### [Work required]
Every entry below must be transcribed word for word, and the images must be left out.

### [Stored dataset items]

◇ ◇ ◇

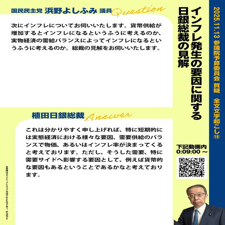浜野議員:次にインフレについてお伺いいたします。貨幣供給が増加するとインフレになるというふうに考えるのか、実物経済の需給バランスによってインフレになるというふうに考えるのか。総裁の見解をお伺いいたします。
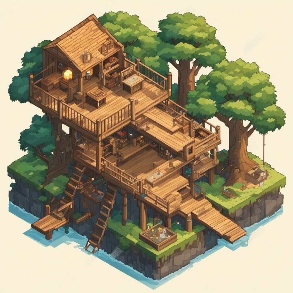 Isometric clean pixel art image cutaway of inside of tree fort [StyleSelector - enhance]
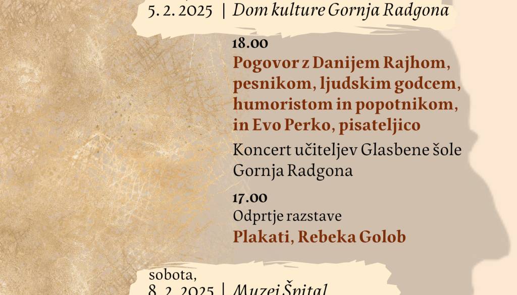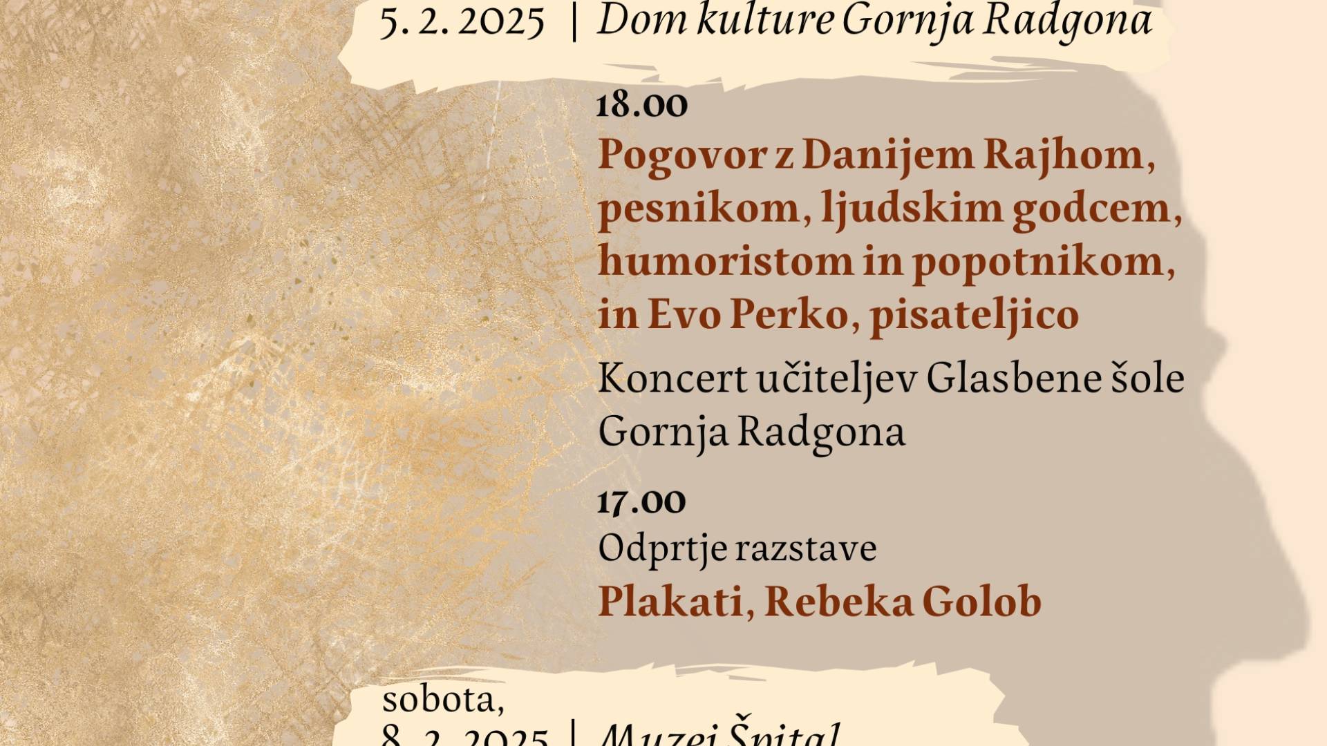 Ob 18. uri pa – v dvorani Doma kulture – sledi pogovor z Danijem Rajhom, pesnikom, ljudskim godcem, humoristom in popotnikom, in Evo Perko, pisateljico ki ga bo okronal koncert učiteljev Glasbene šole Gornja Radgona.
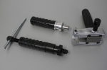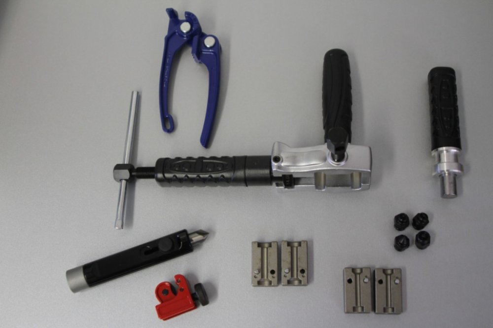 Hydraulická pertlovací souprava pro snadné a přesné pertlování o rozměrech 4,75 mm a 6 mm přímo na voze. Sada dále s čističem hran, ohýbačkou a řezačkou trubek.
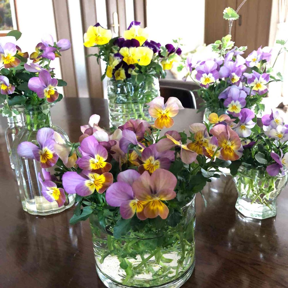 そうですね、このシーズンだけ、たくさんのビオラに囲まれていいのを選び花瓶挿しにするとき、花の香りが漂って至福のひととき✨ですね💓
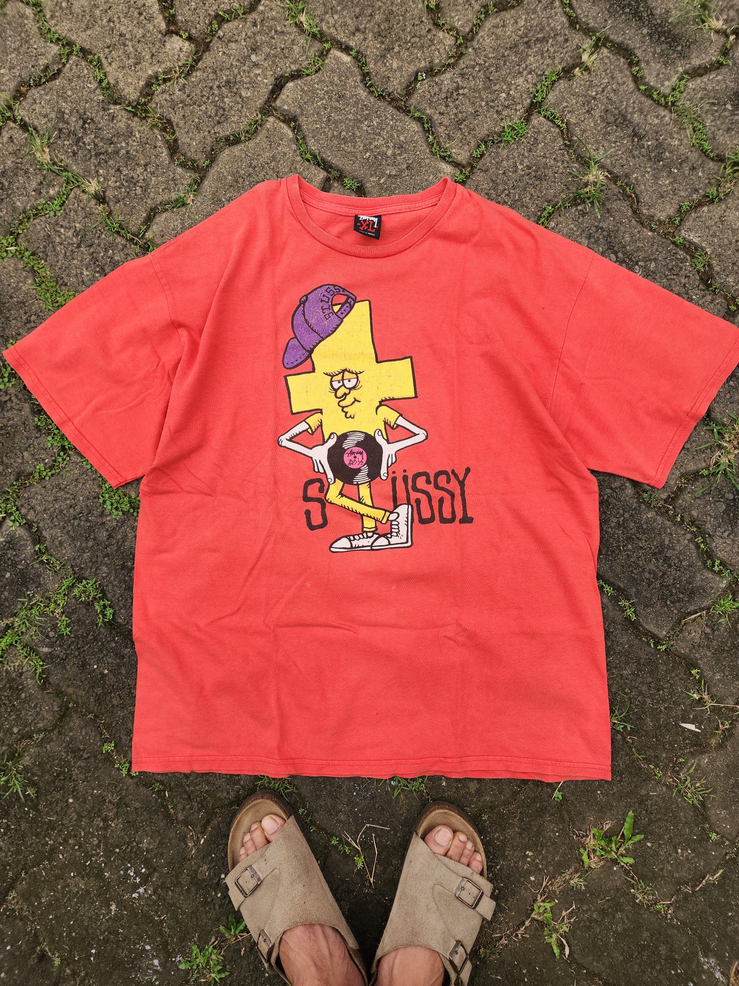 Stussy Character tee XL sized Condition : - Faded - Some stain, need a treatment of stain remover Note : For some more picture details and price, please hit me up

◇ ◇ ◇

### [Written reply]
浜野議員:次にインフレについてお伺いいたします。貨幣供給が増加するとインフレになるというふうに考えるのか、実物経済の需給バランスによってインフレになるというふうに考えるのか。総裁の見解をお伺いいたします。
 Isometric clean pixel art image cutaway of inside of tree fort [StyleSelector - enhance]
 Ob 18. uri pa – v dvorani Doma kulture – sledi pogovor z Danijem Rajhom, pesnikom, ljudskim godcem, humoristom in popotnikom, in Evo Perko, pisateljico ki ga bo okronal koncert učiteljev Glasbene šole Gornja Radgona.
 Hydraulická pertlovací souprava pro snadné a přesné pertlování o rozměrech 4,75 mm a 6 mm přímo na voze. Sada dále s čističem hran, ohýbačkou a řezačkou trubek.
 そうですね、このシーズンだけ、たくさんのビオラに囲まれていいのを選び花瓶挿しにするとき、花の香りが漂って至福のひととき✨ですね💓
 Stussy Character tee XL sized Condition : - Faded - Some stain, need a treatment of stain remover Note : For some more picture details and price, please hit me up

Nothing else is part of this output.